### ACTION ITEM
If a picture appears among the records, leave it out and set down everything else exactly as it stands.

### DATA TO PROCESS
•••
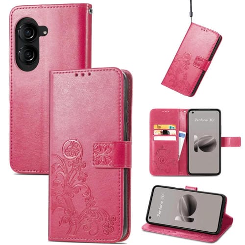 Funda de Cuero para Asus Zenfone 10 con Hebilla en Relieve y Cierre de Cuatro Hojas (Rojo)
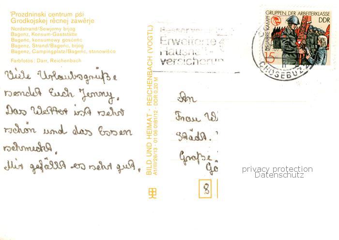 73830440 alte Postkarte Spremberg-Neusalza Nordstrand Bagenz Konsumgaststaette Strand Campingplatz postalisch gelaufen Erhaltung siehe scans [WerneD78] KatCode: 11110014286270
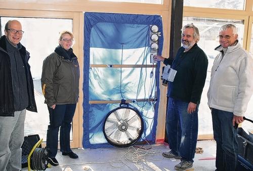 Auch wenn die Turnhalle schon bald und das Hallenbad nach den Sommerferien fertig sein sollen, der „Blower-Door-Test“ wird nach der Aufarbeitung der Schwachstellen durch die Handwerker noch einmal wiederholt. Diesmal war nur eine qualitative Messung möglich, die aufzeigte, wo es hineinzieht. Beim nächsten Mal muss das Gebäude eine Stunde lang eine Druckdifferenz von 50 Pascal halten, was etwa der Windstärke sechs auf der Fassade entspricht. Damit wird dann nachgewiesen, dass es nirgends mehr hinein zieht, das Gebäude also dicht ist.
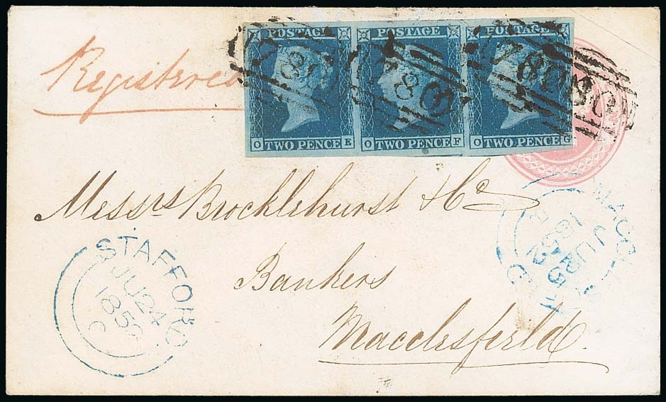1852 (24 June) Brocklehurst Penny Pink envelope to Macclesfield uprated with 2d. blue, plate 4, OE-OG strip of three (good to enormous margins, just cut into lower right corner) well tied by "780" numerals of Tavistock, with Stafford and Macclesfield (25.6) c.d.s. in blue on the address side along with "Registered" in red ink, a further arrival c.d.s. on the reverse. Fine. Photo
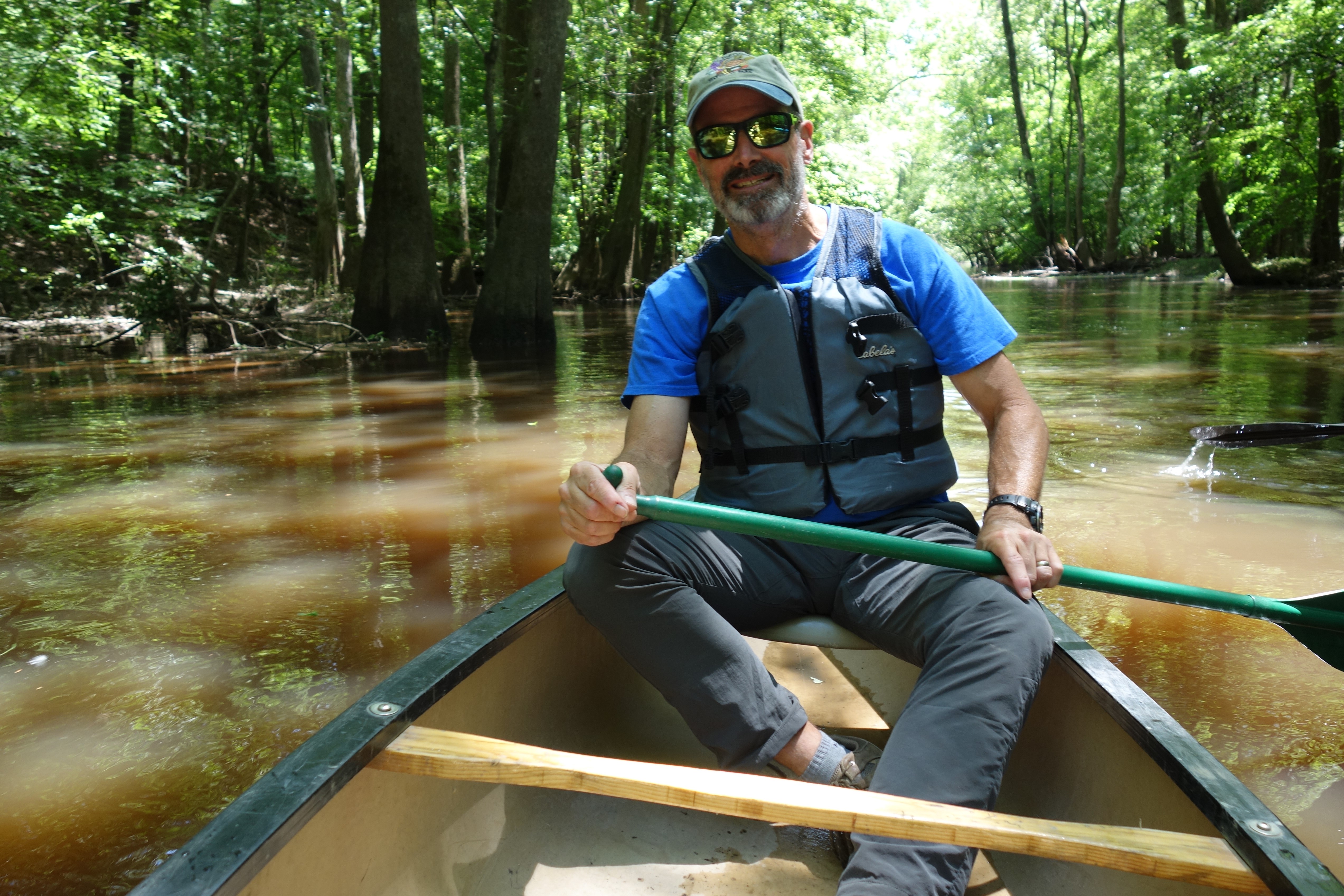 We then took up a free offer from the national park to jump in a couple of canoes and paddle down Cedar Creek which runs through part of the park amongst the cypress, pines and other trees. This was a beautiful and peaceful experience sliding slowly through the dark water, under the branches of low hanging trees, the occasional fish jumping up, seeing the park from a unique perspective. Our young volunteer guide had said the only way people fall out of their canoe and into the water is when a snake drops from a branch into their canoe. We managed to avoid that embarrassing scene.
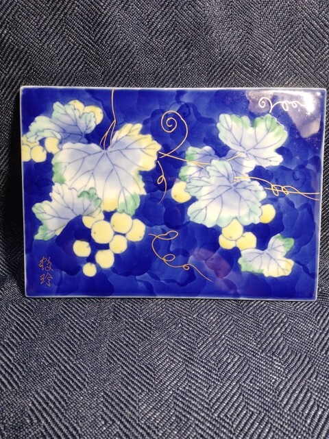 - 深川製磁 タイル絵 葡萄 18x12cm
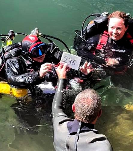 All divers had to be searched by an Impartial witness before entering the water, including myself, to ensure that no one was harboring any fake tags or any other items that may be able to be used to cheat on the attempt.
•••
### ANSWER
 Funda de Cuero para Asus Zenfone 10 con Hebilla en Relieve y Cierre de Cuatro Hojas (Rojo)
 73830440 alte Postkarte Spremberg-Neusalza Nordstrand Bagenz Konsumgaststaette Strand Campingplatz postalisch gelaufen Erhaltung siehe scans [WerneD78] KatCode: 11110014286270
 Auch wenn die Turnhalle schon bald und das Hallenbad nach den Sommerferien fertig sein sollen, der „Blower-Door-Test“ wird nach der Aufarbeitung der Schwachstellen durch die Handwerker noch einmal wiederholt. Diesmal war nur eine qualitative Messung möglich, die aufzeigte, wo es hineinzieht. Beim nächsten Mal muss das Gebäude eine Stunde lang eine Druckdifferenz von 50 Pascal halten, was etwa der Windstärke sechs auf der Fassade entspricht. Damit wird dann nachgewiesen, dass es nirgends mehr hinein zieht, das Gebäude also dicht ist.
1852 (24 June) Brocklehurst Penny Pink envelope to Macclesfield uprated with 2d. blue, plate 4, OE-OG strip of three (good to enormous margins, just cut into lower right corner) well tied by "780" numerals of Tavistock, with Stafford and Macclesfield (25.6) c.d.s. in blue on the address side along with "Registered" in red ink, a further arrival c.d.s. on the reverse. Fine. Photo
 We then took up a free offer from the national park to jump in a couple of canoes and paddle down Cedar Creek which runs through part of the park amongst the cypress, pines and other trees. This was a beautiful and peaceful experience sliding slowly through the dark water, under the branches of low hanging trees, the occasional fish jumping up, seeing the park from a unique perspective. Our young volunteer guide had said the only way people fall out of their canoe and into the water is when a snake drops from a branch into their canoe. We managed to avoid that embarrassing scene.
 - 深川製磁 タイル絵 葡萄 18x12cm
 All divers had to be searched by an Impartial witness before entering the water, including myself, to ensure that no one was harboring any fake tags or any other items that may be able to be used to cheat on the attempt.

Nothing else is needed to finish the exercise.